2. **Limitations of the Framework:**

- The authors acknowledge some limitations, such as the lack of an automatic mechanism to determine whether a dataset warrants personalized feature recommendation. However, they should also discuss the potential challenges of scaling the framework to larger datasets or more complex clinical scenarios. For example, the computational cost of training locally weighted models for each patient could be prohibitive in real-time clinical settings.

- Additionally, the authors should explore the potential ethical implications of using personalized feature selection, particularly in terms of data privacy and the potential for bias in the recommendations.

3. **Comparison with Other Frameworks:**

- While the authors compare iCARE with a global feature selection approach and an imputation-based explanation-guided method, they should also consider comparing their framework with other state-of-the-art personalized feature selection methods. This would provide a more comprehensive evaluation of iCARE performance and highlight its unique contributions.
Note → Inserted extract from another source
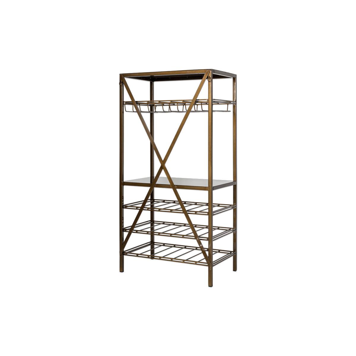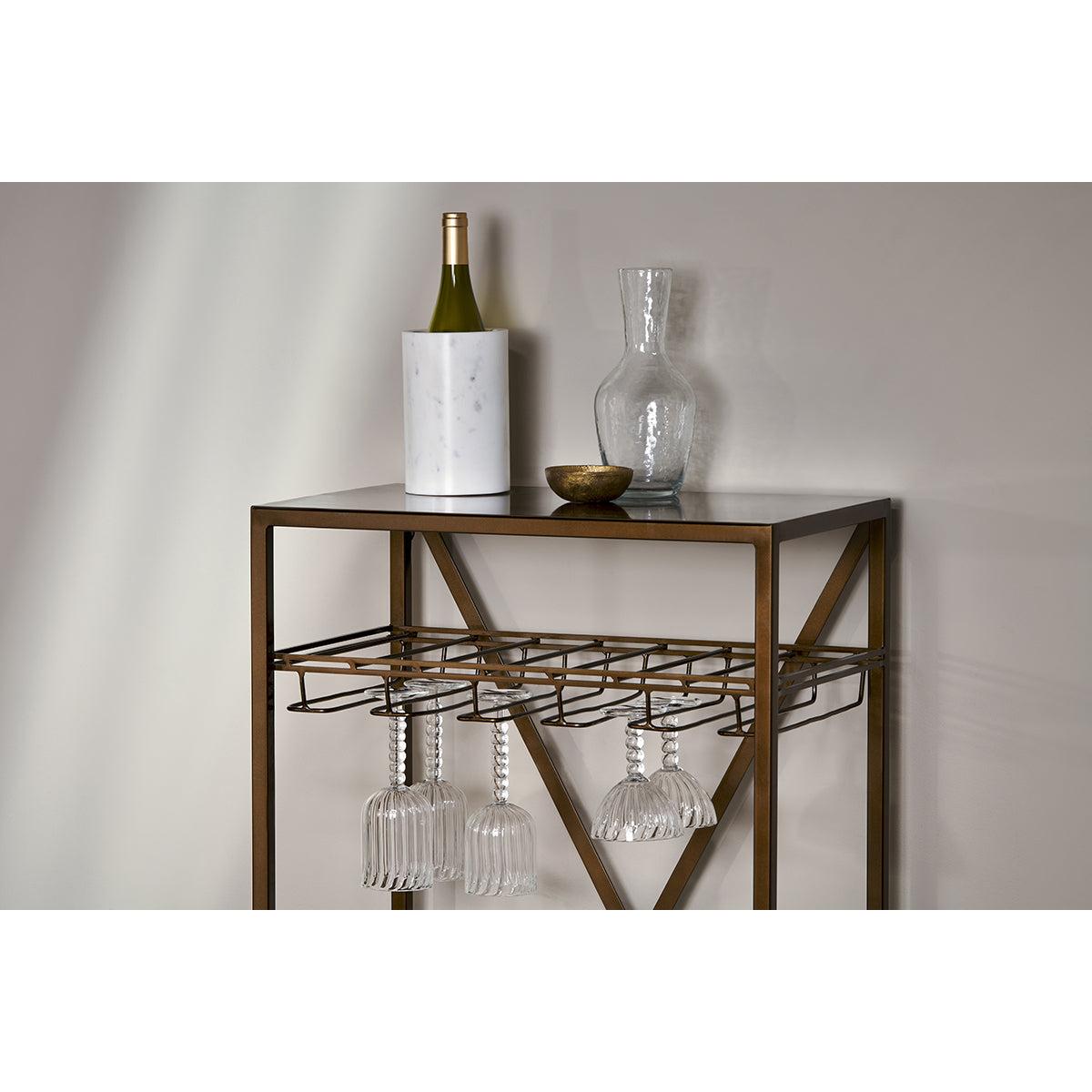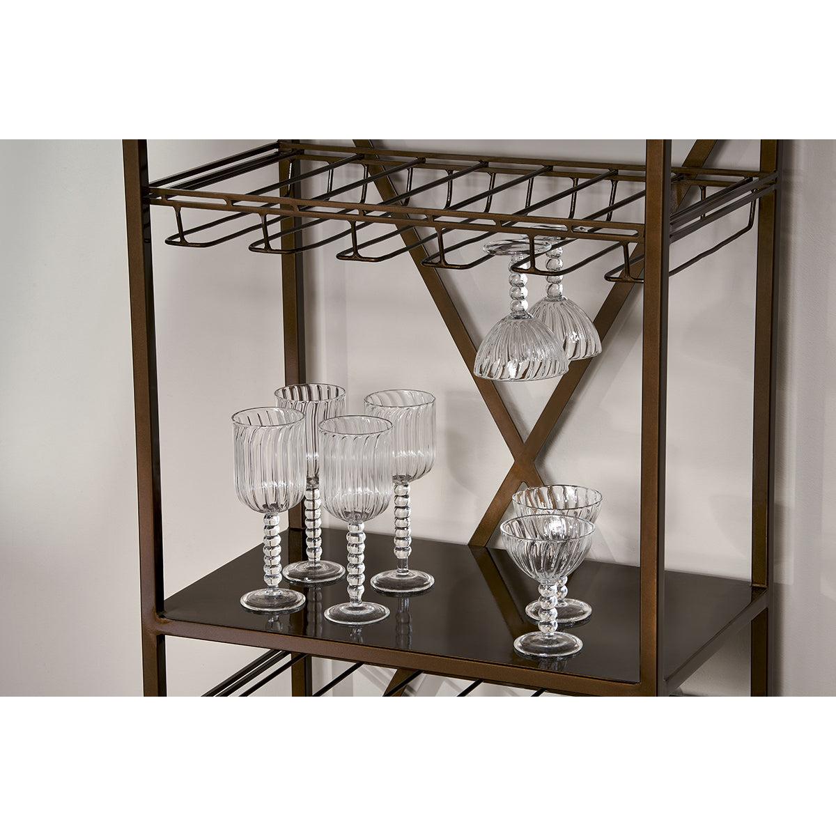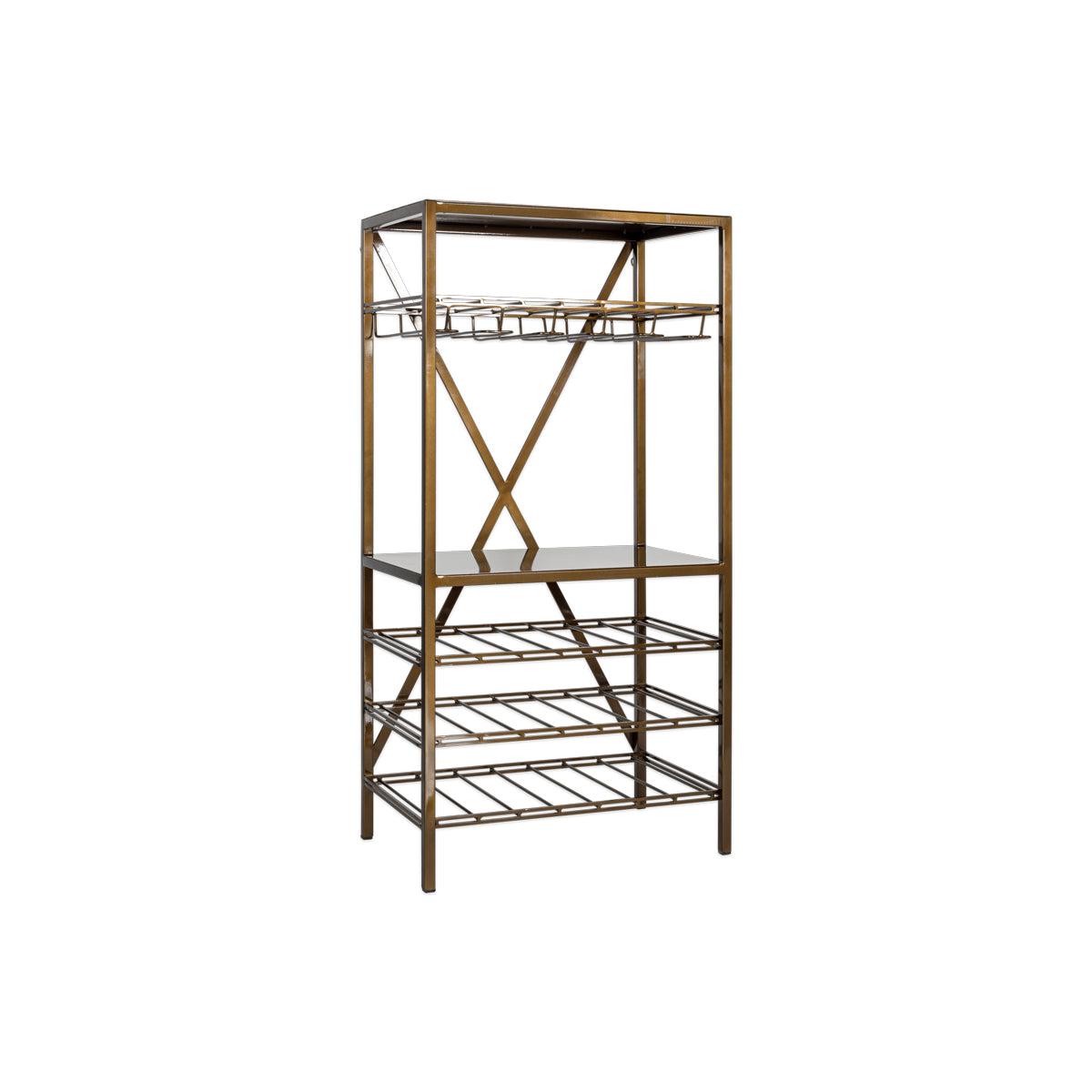 Our stylish Udayan Drinks Display has an elegant antique brass finish and a top shelf with horizontal storage for seven bottles as well as hanging space for assorted glasses (wine, champagne and cocktail). The solid shelf below is perfect for standing bottles, a decanter, ice bucket and drinks accessories, while an additional three racks can hold up to 21 further bottles. A functional, sophisticated and fun addition to a home bar or corner of your kitchen or living space.

4. **Clarification on SHAP Values:**

- The authors should provide more detailed explanations of how SHAP values are calculated and interpreted within the iCARE framework. This would help readers better understand the role of SHAP in personalized feature selection and its impact on the model's recommendations.

5. **Future Directions:**

- The authors should expand on their discussion of future directions, particularly in terms of integrating iCARE with other machine learning algorithms or extending its application to other domains beyond clinical assessments. For example, they could explore how the framework could be adapted for use in predictive maintenance, financial forecasting, or other fields where personalized feature selection is valuable.

---

#### **Recommendation:**

The paper presents a novel and promising approach to personalized feature selection in clinical assessments, with strong potential for improving diagnostic accuracy. However, the manuscript would benefit from a more thorough discussion of related work, particularly in the context of explainable ML and personalized medicine, as well as a more detailed exploration of the framework's limitations and future directions.

**Recommendation:** **Accept with Major Revisions**

---

#### **Specific Suggestions for Revision:**

1. **Cite and Discuss Relevant Literature:**

- Add a discussion of **D'Amore et al. (2025)** and **Angelini et al. (2024)** in the introduction or related work section, highlighting how their approaches to explainable ML and personalized medicine relate to the iCARE framework.

- Discuss how the iCARE framework could be applied or extended to address challenges similar to those explored in these studies, such as predicting disease progression by sex or unraveling sex differences in neurodegenerative diseases.

2. **Expand on Limitations and Ethical Considerations:**

- Provide a more detailed discussion of the limitations of the iCARE framework, particularly in terms of scalability and computational cost.

- Address potential ethical concerns, such as data privacy and bias in personalized feature recommendations.

3. **Compare with Other State-of-the-Art Methods:**

- Include a comparison with other personalized feature selection methods, particularly those that have been applied in clinical or medical contexts.

- Discuss how iCARE performance compares to these methods and what unique advantages it offers.

4. **Clarify SHAP Value Calculation:**

- Provide a more detailed explanation of how SHAP values are calculated and interpreted within the iCARE framework, particularly in the context of personalized feature selection.

5. **Expand on Future Directions:**

- Discuss potential applications of the iCARE framework beyond clinical assessments, such as in predictive maintenance, financial forecasting, or other fields where personalized feature selection is valuable.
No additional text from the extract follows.